Was our work a “realistic approximation” of what happens in a real election? When the vendors call our work “unrealistic”, they usually mean one of two things:

  1. Real attackers couldn’t discover these vulnerabilities
  2. The attackers can’t be exploited in the real world.

Both of these arguments are wrong. In real elections, individual voting machines are not terribly well safeguarded.  In a studio where I take swing dance lessons, I found a rack of eSlates two weeks after the election in which they were used.  They were in their normal cases.  There were no security seals.  (I didn’t touch them, but I did have a very good look around.) That’s more than sufficient access for an attacker wanting to tamper with a voting machine.  Likewise, Ed Felten has a series of Tinker posts about unguarded voting machines in Princeton.

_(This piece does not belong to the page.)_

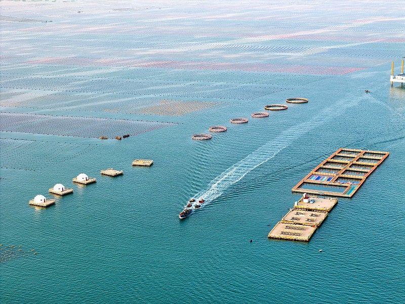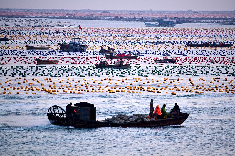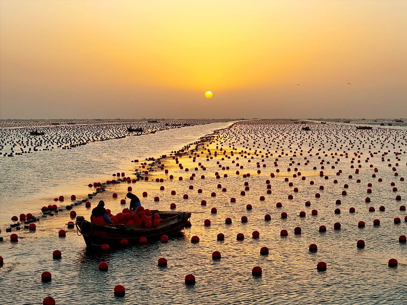 2023年12月7日晨曦,山东省荣成市,大雪时节,爱伦湾海洋牧场,渔民披着朝阳驾驶船只投入海带养殖作业,船只穿梭于海面之上,一派繁忙景象。

Can an attacker learn enough about these machines to construct the attacks we described in our report? This sort of thing would need to be done in private, where a team of smart attackers could carefully reverse engineer the machine and piece together the attack.  I’ll estimate that it would take a group of four talented people, working full time, two to three months of effort to do it.  Once.  After that, you’ve got your evil attack software, ready to go, with only minutes of effort to boot a single eSlate, install the malicious software patch, and then it’s off to the races.  The attack would only need to be installed on a single eSlate per county in order to spread to every other eSlate.  The election professionals and procedures would be helpless to prevent it.  (Hart has a “hash code testing” mechanism that’s meant to determine if an eSlate is running authentic software, but it’s trivial to defeat.  See issues 9 through 12 in our report.)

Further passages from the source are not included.